I look down and realize that I’m down to the last serving of noodle. I turn back to face a woman kneading a ball of rice flower dough in a large bowl on the floor, and a man using all of his strength to push down on a large wooden noodle press, resting on his knee and angled over a hot pot of water. Beside them, squatting women deep-fry gourd on a makeshift burner—three bricks placed in a circle with a pile of coal burning in the centre. The eldest lady, adhering to a legacy of batter mixing experience, stirs the bowl with her hands feeling for the perfect consistency. Another woman, one with “Teflon hands,” coats the gourd in batter and lowers pieces into the pot of boiling oil on the burner. The last woman scoops up perfectly crispy pieces of “Ley” with a metal colander and places them in a bowl, to be carried off and plated with a side of fish sauce.
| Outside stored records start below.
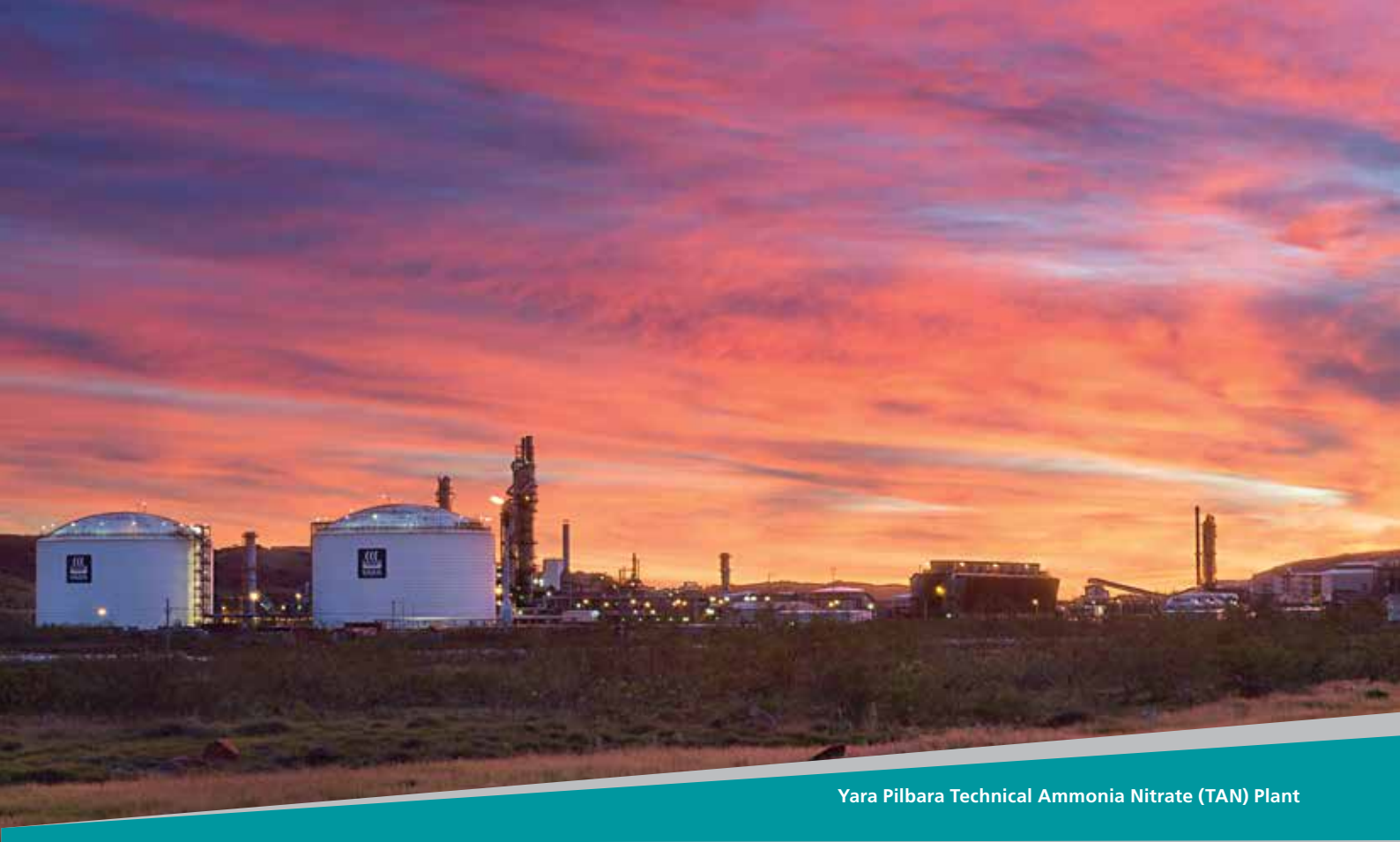
Yara Pilbara Technical Ammonia Nitrate (TAN) Plant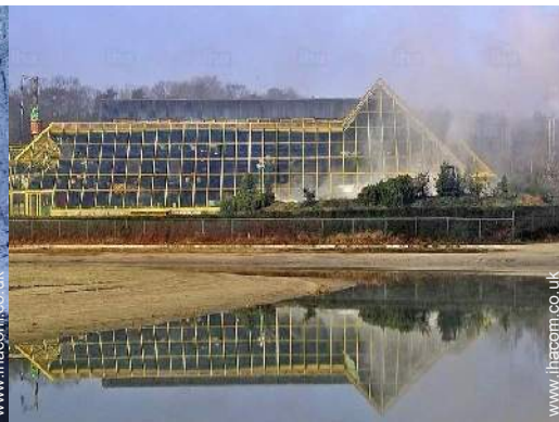
seaside pursuits nearby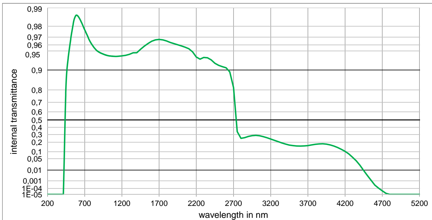
Internal transmittance \tau_i at reference thickness The internal transmittance values, tabulated and graphically represented, are reference values only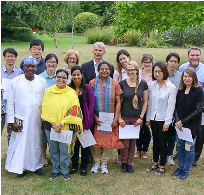
Delegates and tutors from the 2015 International Publishing Summer School

Oxford International Centre for Publishing Studies, UK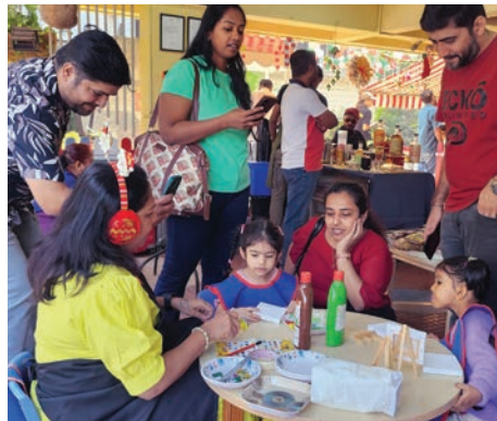
Children Engaging at the Vivero Activity Table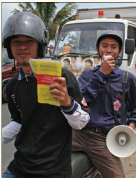
Indonesian Red Cross workers spread the word about an upcoming measles campaign.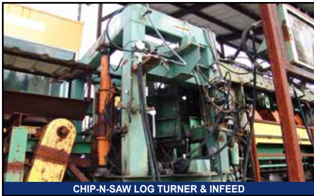
CHIP-N-SAW LOG TURNER & INFEEED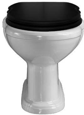
Sanitari e Consolle-Pompei PHPM01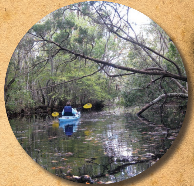
An early autumn paddle on Sandfly Creek.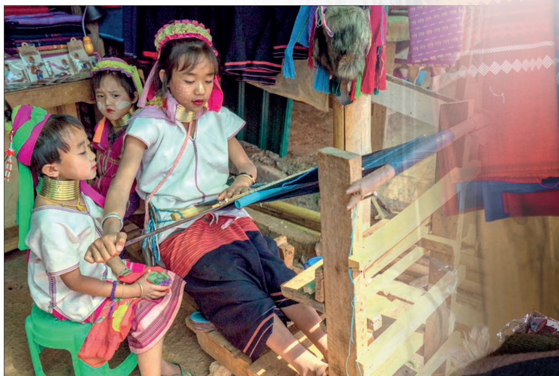
Travellers often pay visit to Panpet Village where Kayan (Padaung) ethnic people reside. Currently, the entrance to the village is crowded with hustle and bustle of shoppers and sellers.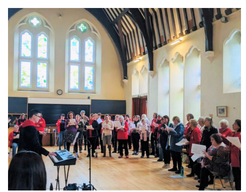
Tenor - Bari duets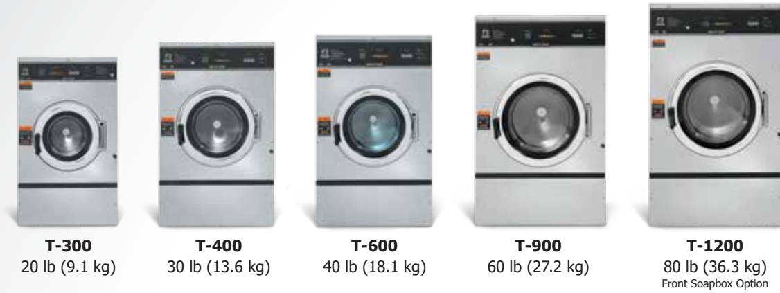
T-300 20 lb (9.1 kg) T-400 30 lb (13.6 kg) T-600 40 lb (18.1 kg) T-900 60 lb (27.2 kg) T-1200 80 lb (36.3 kg) Front Soapbox Option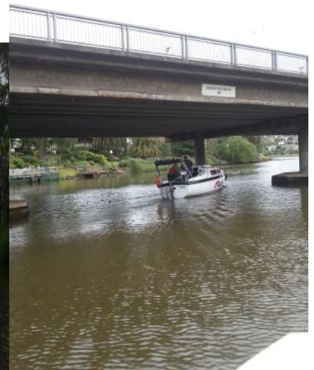
Raleigh Road Bridge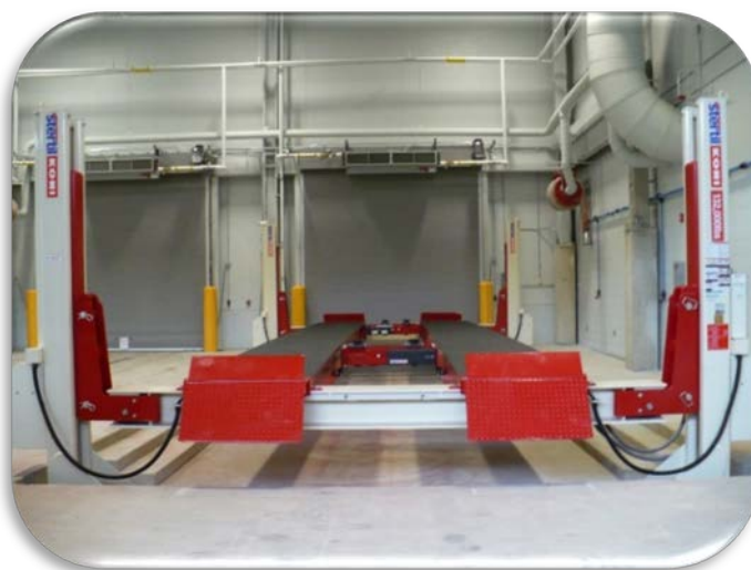
Massive Stertil-Koni 4-post lift, ST 4600, delivers optimal high-capacity lifting for oversized vehicles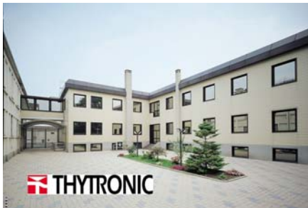
Figure 4: THYTRONIC Headquarters

THYTRONIC is a provider of products and services for protection, monitoring, and control of electric power systems. THYTRONIC'S mission is Ensuring Safe and Secure Power Distribution . THYTRONIC currently provides a range of single and multifunctional digital protective relays for power distribution (feeder and bus-bar protection, motor protection, and transformer protection) and power generation (generator protection and synchronizing devices).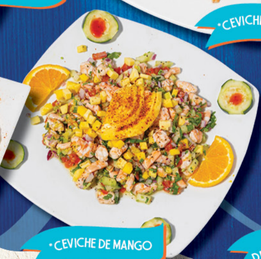
•CEVICHE DE MANGO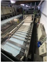
Reference: STV-003 ROTARY PRINTING MACHINE 9 COLO... Year: 1995 Brand: Reggiani Width: 3200mm WW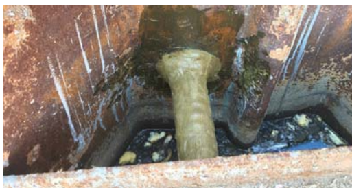
A tie rod fully protected with the Denso Petrolatum Tape System to prevent rusting.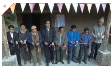
3 Construction site of Yachaywasi 4 Opening of the second Yachaywasi branch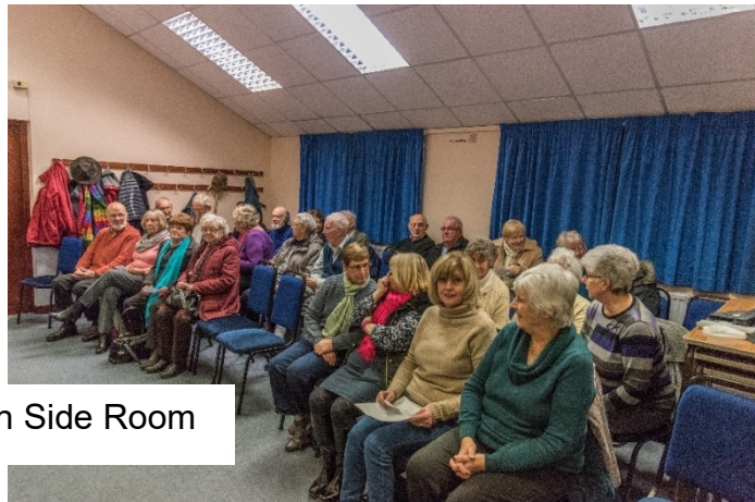
Meeting in Side Room

The building is well maintained and is in a good state of repair. The Church Hall is well used by many organisations, including non-Church groups which contribute to the promotion of community cohesion and extended mission.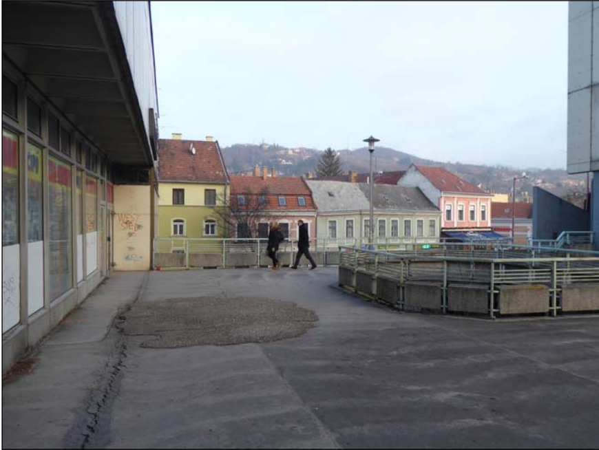
FIGURE 11 The elevated sidewalk of the department store with view of old town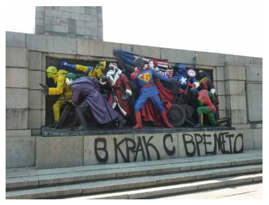
Figure 8. In February 2014, the 1950s Monument to the Soviet Army in Sofia was daubed painted and the represented soldiers transformed into pop culture icons.

reach for bottom-up approaches. Moreover, while we can imagine a playful context in the destruction of a monument, that would not leave traces behind it, and the playful potential of the action would be exhausted immediately.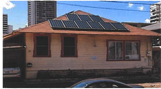
* Photo of the current site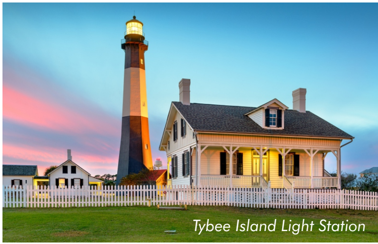
Tybee Island Light Station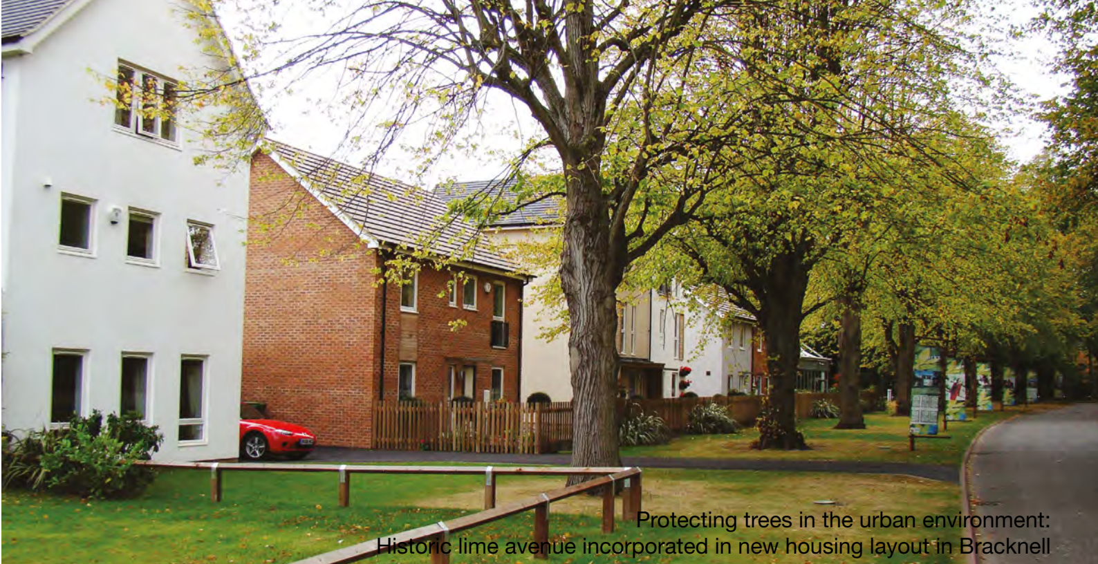
Protecting trees in the urban environment: Historic lime avenue incorporated in new housing layout in Bracknell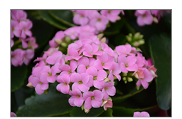
Pink Kalanchoe flowers

When grown indoors, Pink Kalanchoe can be expected to grow to be about 8 inches tall at maturity extending to 12 inches tall with the flowers, with a spread of 12 inches. It grows at a medium rate, and under ideal conditions can be expected to live for approximately 10 years. This houseplant will do well in a location that gets either direct or indirect sunlight, although it will usually require a more brightly-lit environment than what artificial indoor lighting alone can provide. It is very adaptable to both dry and moist soil, and should do just fine under average home conditions. The surface of the soil shouldn't be allowed to dry out completely, and so you should expect to water this plant once and possibly even twice each week. Be aware that your particular watering schedule may vary depending on its location in the room, the pot size, plant size and other conditions; if in doubt, ask one of our experts in the store for advice. It is not particular as to soil pH, but grows best in sandy soil. Contact the store for specific recommendations on pre-mixed potting soil for this plant.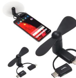
Portable Phone Fan - $1,000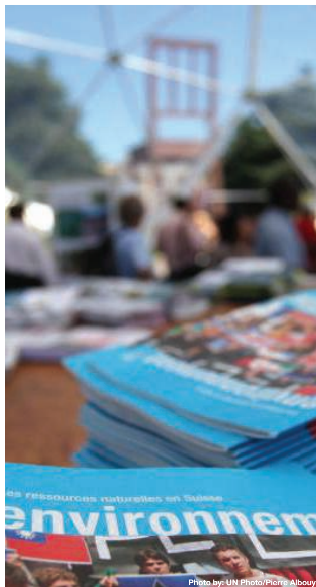
World Environment Day, Place des Nations, 2010.

19 Second, States should provide affordable, effective and timely access to environmental information held by public authorities, upon the request of any person or association, without the need to show a legal or other interest. Grounds for refusal of a request should be set out clearly and construed narrowly, in light of the public interest in favour of disclosure. States should also provide guidance to the public on how to obtain environmental information.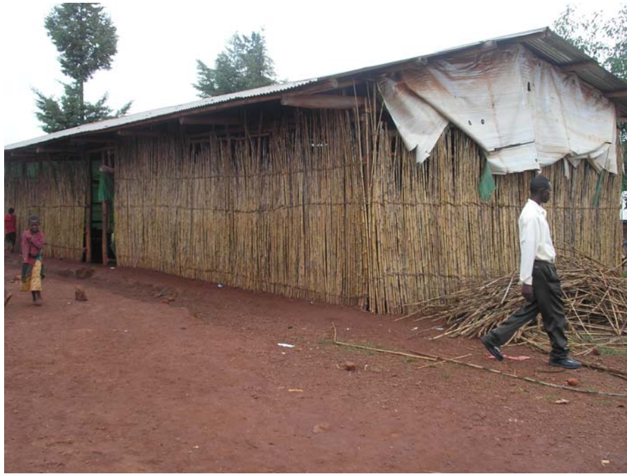
The old school at Nyabikere.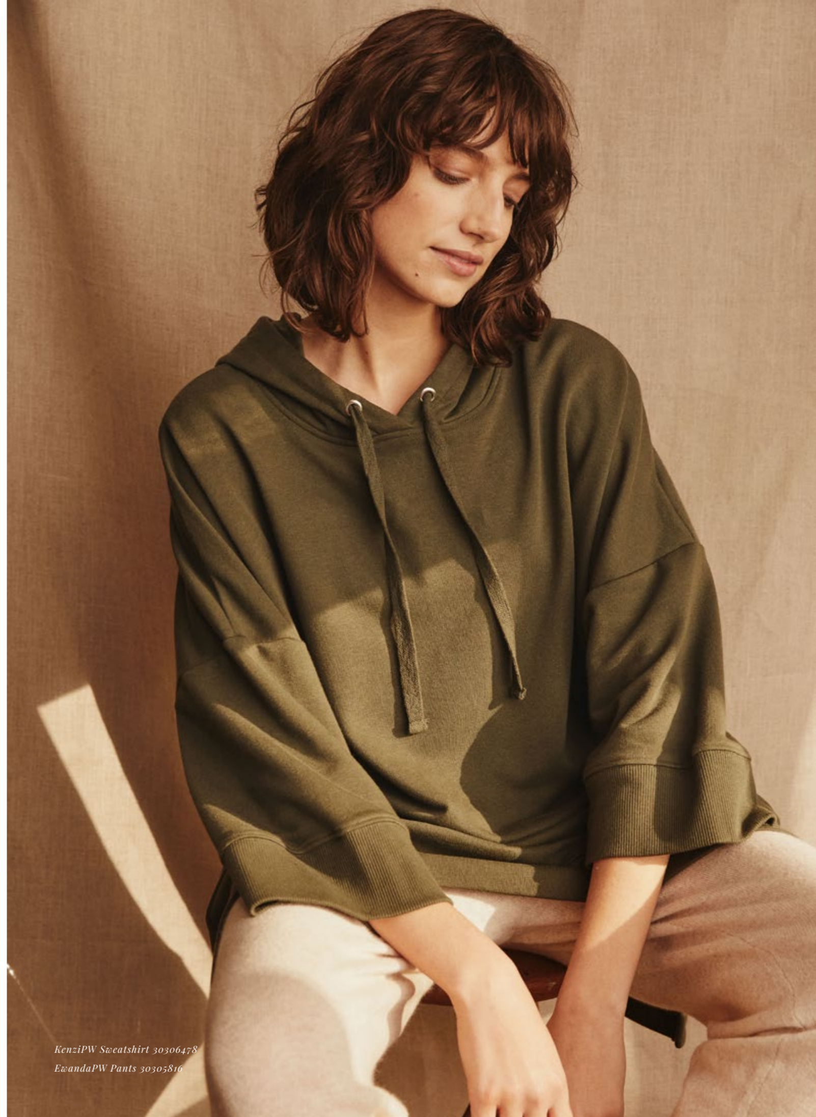
KenziPW Sweatshirt 30306478 EwandaPW Pants 30305816

Closer to me, two women squat before buckets of water and soap, arranged in gradation from greenish-brown to perfectly clear and bubbly. Saryar, one of the restaurant staff, gets up from the dishwashing station with a stack of dripping bowls and places them in front of me. “Mikaila,” she asks, “what are you staring at?” I quickly realize that my curious gaze at the parade of activities has been holding up the assembly line.
Before coming here, many people said to me, “I’m sure you’re going to have so much to offer; you’ll teach them so much.” But, in fact, it is these women who are constantly teaching me. The women at Pao Mon teach me how to cook with different street side herbs and plants, how to cook five dishes at once with only one burner, how to turn any vacant space into a surface for chopping and prep, and how to turn any side alley of a monastery into a fully operational pop-up kitchen. Daily, these women inspire me with their drive, positivity, and resilience.